■ Data block ■
____________
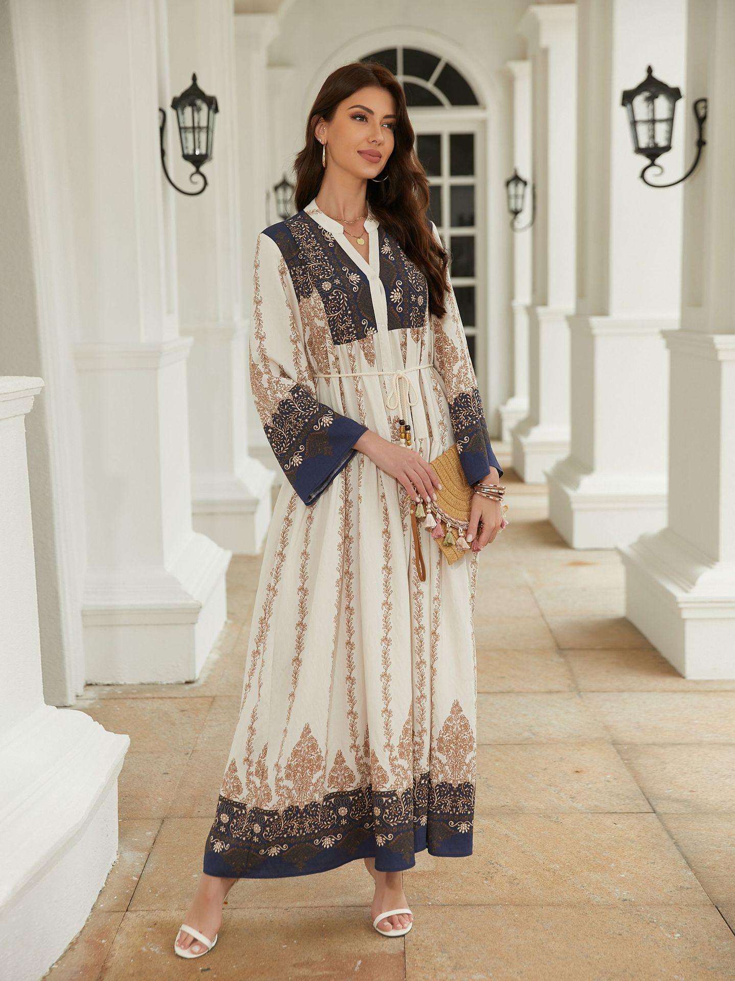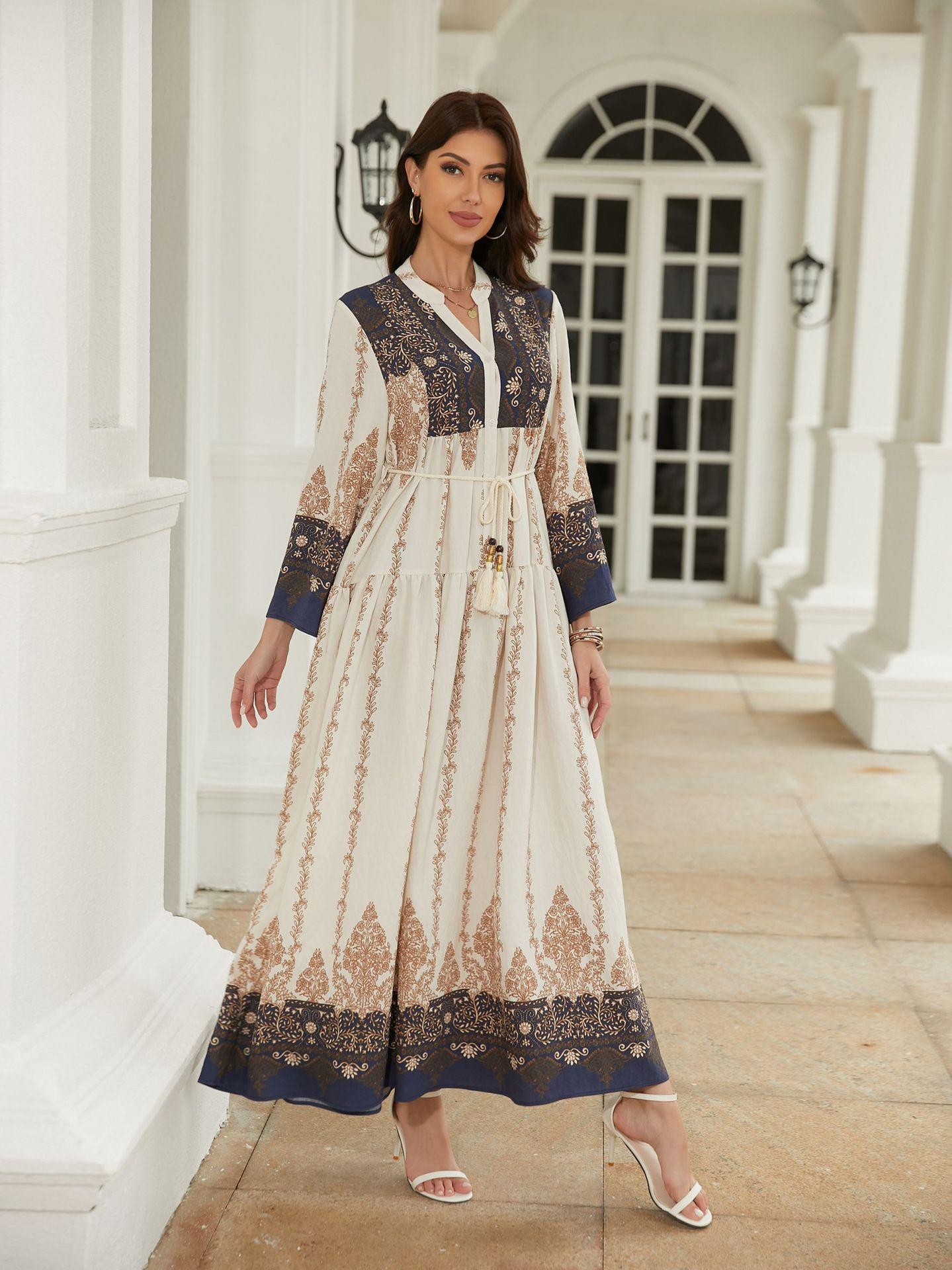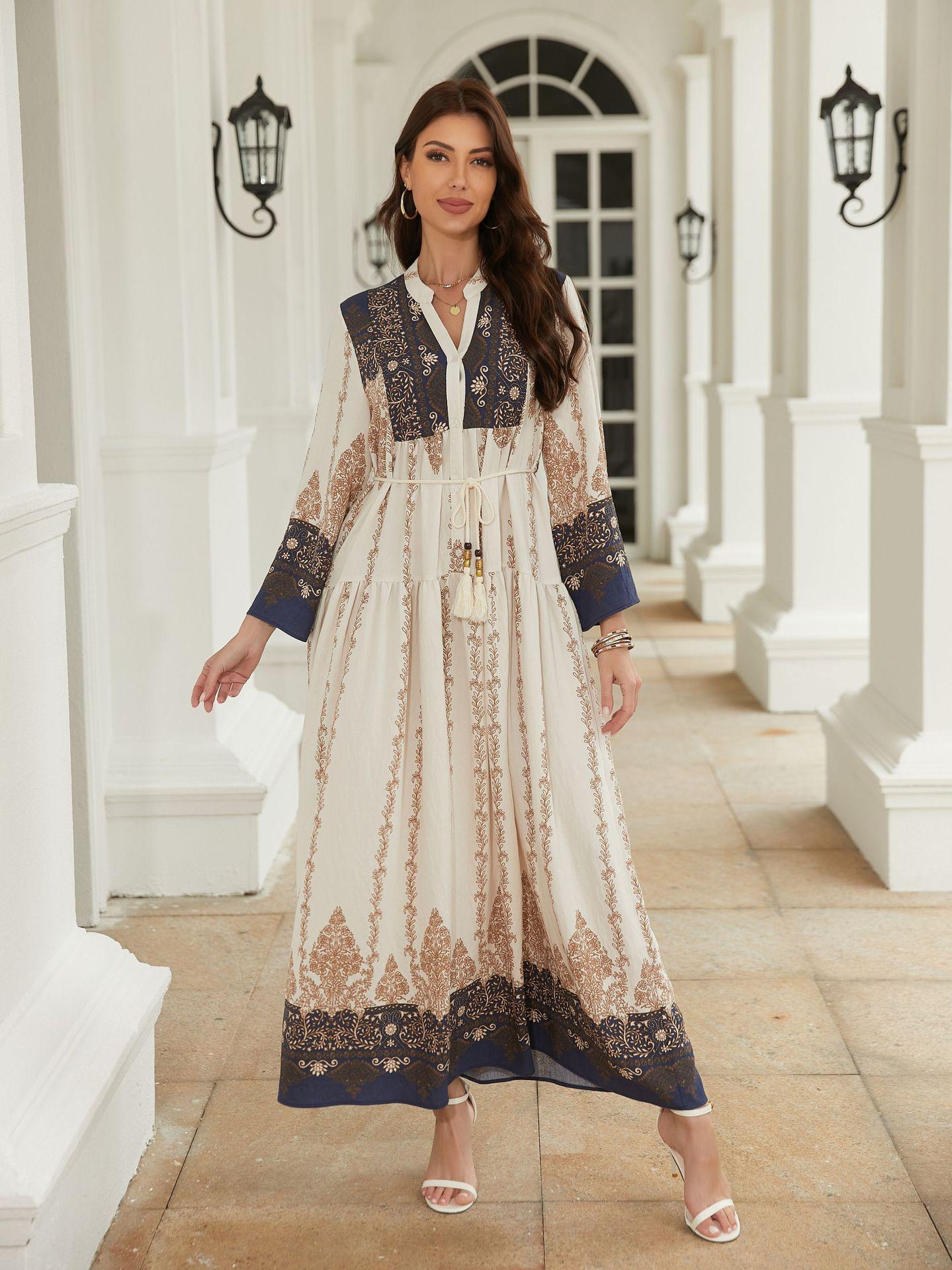 Nuevo Vestido Elegante Estampado de Algodón Seda de Manga Larga para Mujer de Amazon Cross-Border Cómodo Moda Musulmana Vestido de Verano
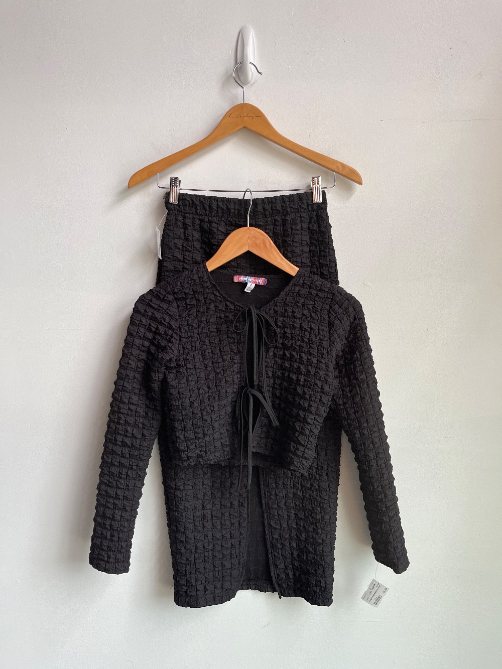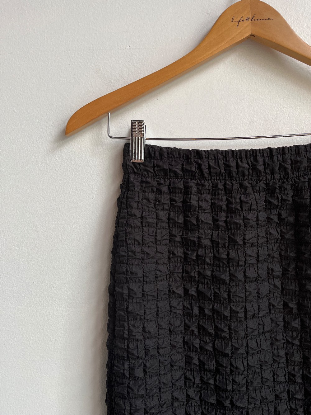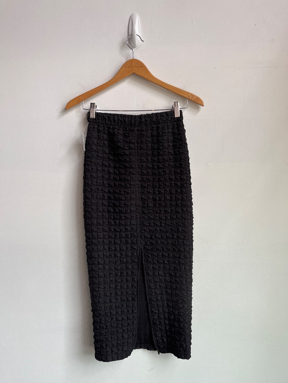 Matching top in store! A puff skirt with square detailing and a fun texture. Features an elastic waist band and a slit up the back legs for better movement.
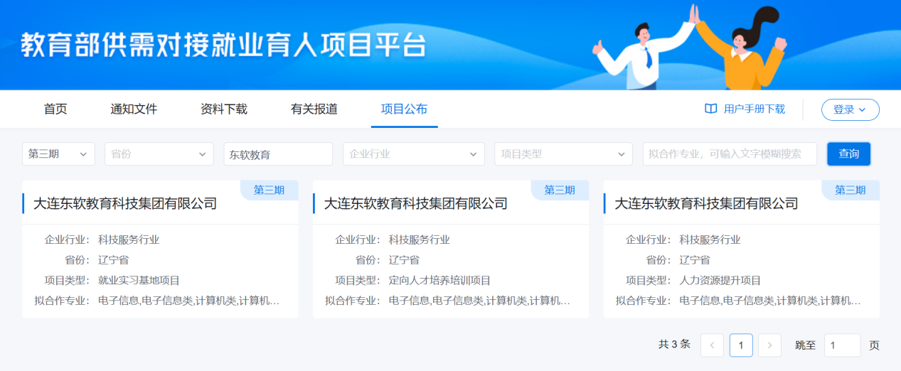 12月7日,教育部发布了《关于公布第三期供需对接就业育人项 目申报指南》的函,Ebpay教育科技集团“就业实习基地、人力资源提升、定向人才培养培训”三个项目获批本期供需对接就业育人项目。
____________
What is needed here is an exact transcript of the data above, pictures excluded.

■ Answer below ■
 Nuevo Vestido Elegante Estampado de Algodón Seda de Manga Larga para Mujer de Amazon Cross-Border Cómodo Moda Musulmana Vestido de Verano
 Matching top in store! A puff skirt with square detailing and a fun texture. Features an elastic waist band and a slit up the back legs for better movement.
 12月7日,教育部发布了《关于公布第三期供需对接就业育人项 目申报指南》的函,Ebpay教育科技集团“就业实习基地、人力资源提升、定向人才培养培训”三个项目获批本期供需对接就业育人项目。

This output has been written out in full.